By Damion Smalls
Boosted by increased voter turnout, an energized campaign and a yearning for change, first time politician JA Moore defeated the incumbent and Assistant House Majority Whip Samuel Rivers, Jr. to take over the SC House District 15 seat. Crediting the victory to the people, Moore declared that “This representation is for all of us,” once the final general election tally was released.
Elected as a Republican in 2012, Rivers was widely expected to hold on to his SC House of Representatives seat. As seen in the nationwide results of the November 6 midterm elections, a “blue wave” of Democratic support carried to shore a slew of fresh faces and grassroots candidates, which included the 52 percent to 47 percent edge Moore achieved over Rivers.
Parts of Charleston and Berkeley counties compose District 15. Moore garnered support during his campaign from influential groups and leaders such as Cory Booker, Marlon Kimpson, Jim Clyburn, Ill Vibe The Tribe, Julian Castro, March For Our Lives, Carolyn Hunter, Bakari Sellers, Marvin Pendarvis, and the ILA Local 1422.
As per usual with political races, Moore was the victim of a smear campaign that sought to discredit the candidate throughout the election cycle.

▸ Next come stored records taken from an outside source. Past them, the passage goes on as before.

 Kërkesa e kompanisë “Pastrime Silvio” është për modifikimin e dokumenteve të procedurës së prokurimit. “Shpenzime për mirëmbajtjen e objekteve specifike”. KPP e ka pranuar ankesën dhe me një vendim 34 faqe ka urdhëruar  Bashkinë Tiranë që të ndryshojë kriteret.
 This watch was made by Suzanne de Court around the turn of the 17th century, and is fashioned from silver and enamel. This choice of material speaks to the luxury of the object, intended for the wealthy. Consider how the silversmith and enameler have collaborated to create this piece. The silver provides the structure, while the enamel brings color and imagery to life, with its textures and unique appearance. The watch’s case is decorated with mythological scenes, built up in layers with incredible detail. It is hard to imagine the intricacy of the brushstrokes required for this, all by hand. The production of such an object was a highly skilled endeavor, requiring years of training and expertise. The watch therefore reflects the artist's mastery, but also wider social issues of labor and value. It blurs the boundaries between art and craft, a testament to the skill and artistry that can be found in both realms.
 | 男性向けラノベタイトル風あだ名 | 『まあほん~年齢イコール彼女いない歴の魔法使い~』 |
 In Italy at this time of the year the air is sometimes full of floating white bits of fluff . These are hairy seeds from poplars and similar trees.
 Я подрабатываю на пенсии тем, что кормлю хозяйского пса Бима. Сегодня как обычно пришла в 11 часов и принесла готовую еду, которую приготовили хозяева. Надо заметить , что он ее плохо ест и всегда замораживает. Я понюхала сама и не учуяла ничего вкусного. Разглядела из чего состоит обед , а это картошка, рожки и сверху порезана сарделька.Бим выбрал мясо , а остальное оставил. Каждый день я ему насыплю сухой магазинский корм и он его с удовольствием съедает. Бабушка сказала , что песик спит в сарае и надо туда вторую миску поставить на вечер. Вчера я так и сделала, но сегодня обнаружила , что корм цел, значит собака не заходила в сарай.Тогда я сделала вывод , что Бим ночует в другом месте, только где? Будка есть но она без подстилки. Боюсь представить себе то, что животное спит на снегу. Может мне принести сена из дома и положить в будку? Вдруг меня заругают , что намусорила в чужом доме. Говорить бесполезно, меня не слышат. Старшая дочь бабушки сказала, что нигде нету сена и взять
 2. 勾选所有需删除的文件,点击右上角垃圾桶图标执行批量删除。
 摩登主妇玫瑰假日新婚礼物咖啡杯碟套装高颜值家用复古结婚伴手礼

No stranger to adversity, Moore battled on and persevered through the harsh landscape. “Our energy was too strong. They tried to stop it, but the support thrown my way was overwhelming,” states Moore.

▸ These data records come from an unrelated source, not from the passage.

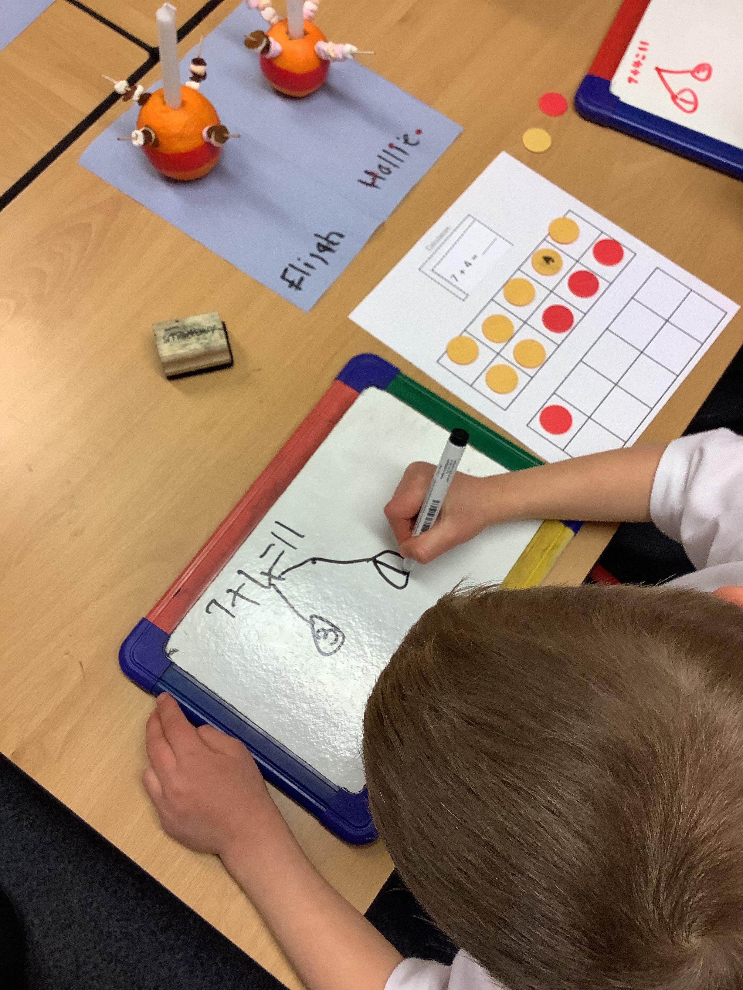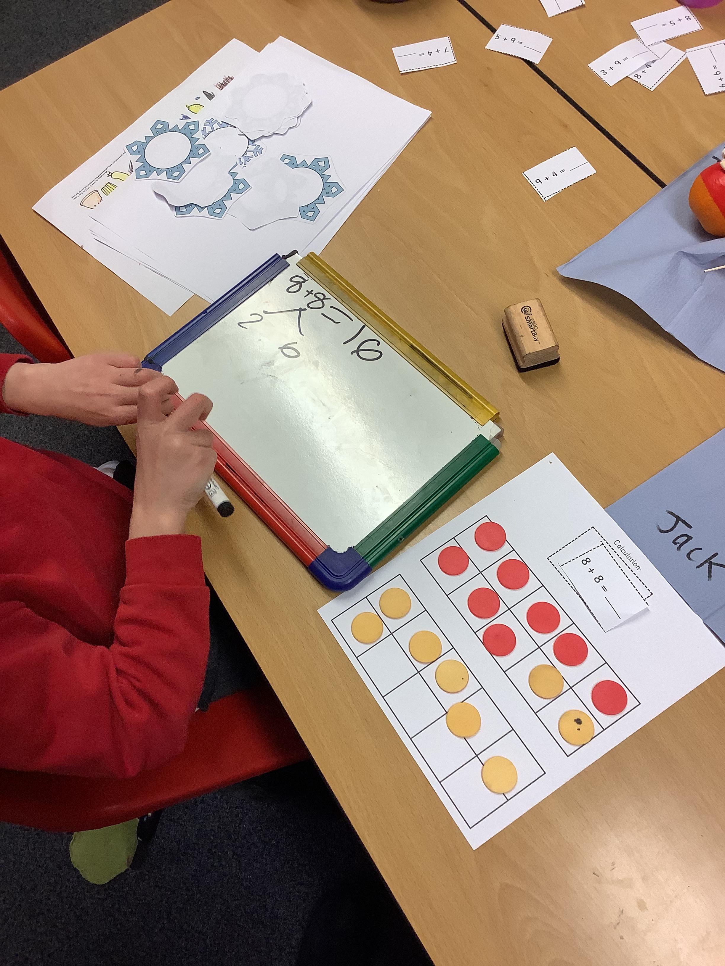 In Maths this week we have been adding numbers to 20. We used our number bonds to explore how we could add by making 10 first.
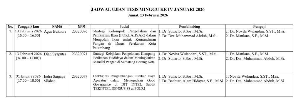 Pada tanggal 13 Febuari 2026, Magister Ilmu Pemerintahan Universitas Tamansiswa Palembang memulai masa penyelenggaraan sidang tesis untuk mahasiswa yang sudah lulus dari sempro dan memenuhi persyaratan yang telah ditetapkan. Seperti sebelumnya, Dalam penyelenggaraannya, mahasiswa mempresentasikan hasil penelitian mereka kepada penguji dan penguji akan menentukan apakah hasil tesis mereka tersebut layak untuk disajikan sebagai persyaratan lulus pendidikan magister ilmu pemerintahan.
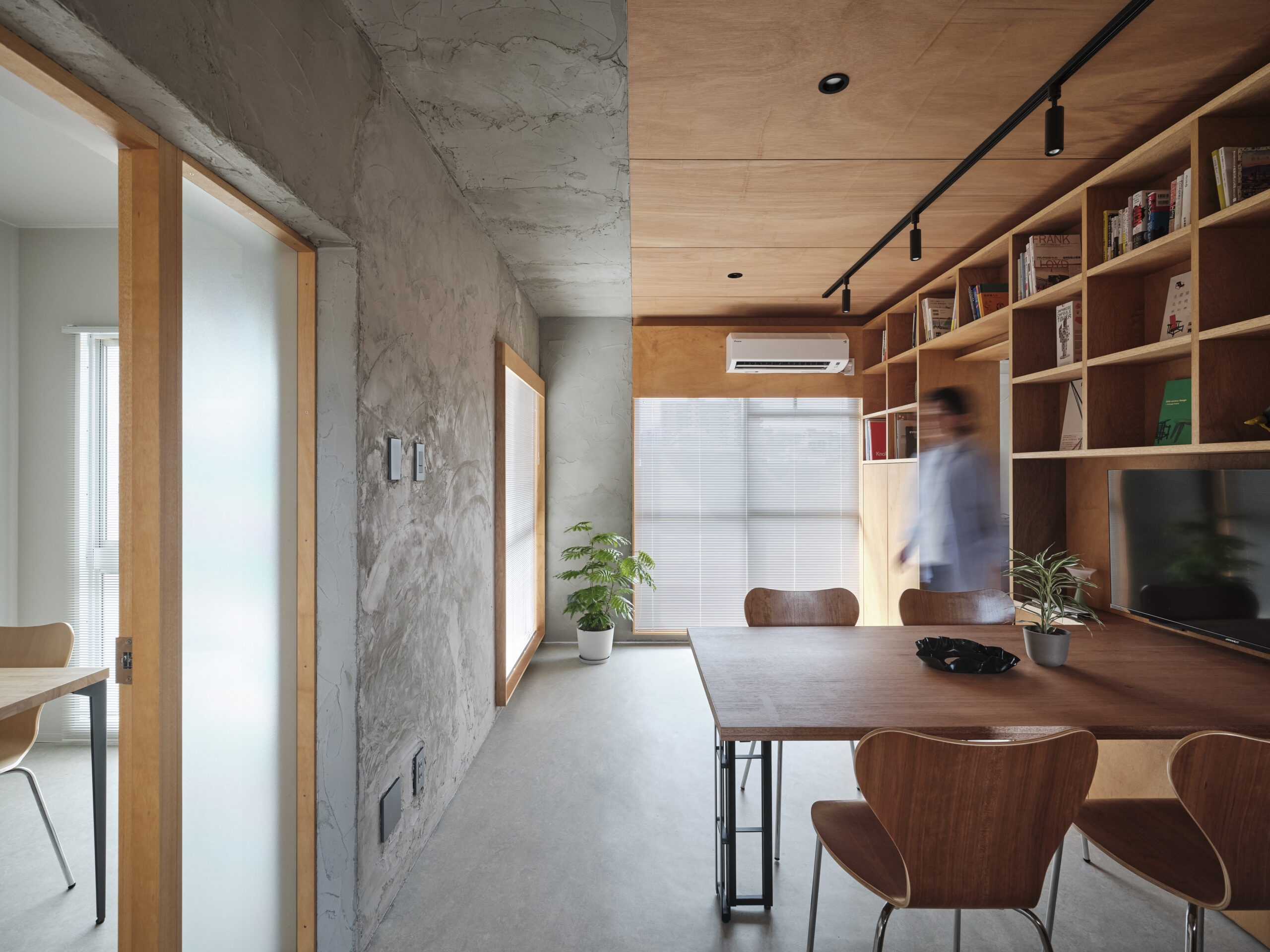 Rather than treating the small, fragmented layout as a limitation, the project focuses on the inevitable crossing of people, sightlines, light, air, sound, and atmosphere, and explores how these crossings can be transformed into spatial quality.

“The tragedy in Pittsburgh especially struck my core because it vividly brought back my emotions and feelings the night of June 17, 2015, in Charleston, SC, where my sister and eight others were murdered,” Moore said in an October 30 statement after the mass shooting that killed eleven people at the Tree of Life Synagogue in Pittsburgh. “I know first-hand how the families will suffer and grieve today, and how they will carry their losses through the rest of their lives. It was the feeling of loss and wanting to do more that became the catalyst for my decision to offer myself as a public servant for South Carolina House District 15.”

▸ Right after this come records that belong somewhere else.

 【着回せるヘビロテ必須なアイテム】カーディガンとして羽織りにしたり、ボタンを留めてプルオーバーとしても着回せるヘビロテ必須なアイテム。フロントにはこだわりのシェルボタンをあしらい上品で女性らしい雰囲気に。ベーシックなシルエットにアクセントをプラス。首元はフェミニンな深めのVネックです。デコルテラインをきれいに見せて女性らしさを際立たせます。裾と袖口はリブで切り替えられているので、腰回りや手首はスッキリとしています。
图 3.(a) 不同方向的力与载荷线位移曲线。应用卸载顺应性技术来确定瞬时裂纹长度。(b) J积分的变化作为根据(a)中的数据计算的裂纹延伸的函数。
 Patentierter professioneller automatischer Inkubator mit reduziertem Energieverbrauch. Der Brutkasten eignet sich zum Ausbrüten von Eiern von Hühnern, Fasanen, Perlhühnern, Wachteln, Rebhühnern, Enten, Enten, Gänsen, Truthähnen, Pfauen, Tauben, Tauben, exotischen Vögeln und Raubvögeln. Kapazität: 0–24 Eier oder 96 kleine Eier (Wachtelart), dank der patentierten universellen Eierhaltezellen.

Public education is to be the number one focus for Moore. “We have to pay our teachers and state employees better,” he says. “Tuition-free technical colleges” is a proposal of Moore’s that could aid workers and students. Additional pushes developed by Moore to be addressed are improved public transportation, more affordable housing options and local economic invigoration.
Rep. Moore is looking forward to listening to the concerns of his constituents and working with them to remain in touch with the community at all times. He plans on utilizing an ‘open-door’ approach to his time in office so residents can feel free to contact him and be a part of the process. “We all have to be active citizens,” Moore believes.
A slogan that Moore used during the campaign, “Walk With Me,” is now being applied to Dist. 15 residents as he heads to state capitol to represent the area in the South Carolina legislature. He is relying on an engaged and focused populace that will hold him and his political colleagues accountable for their initiatives and goals. “It’s going to take all of us to win in the end,” Moore reminds. “I will do what it takes and continue to fight for my community. I need them to walk with me to Columbia.”
Warning against the complacency that a political win for a newcomer that could set in, Moore is ready to work now. “The fight’s not over,” he exclaims. The Berkeley County Democratic Party is hosting a post-election breakfast November 17 at Heart to Heart International Ministries (106 Behrman St. Ste 101, Moncks Corner) at 10 AM. Moore is excited to attend and invites the public to bring their ideas with them to help him become the best representative that he can be.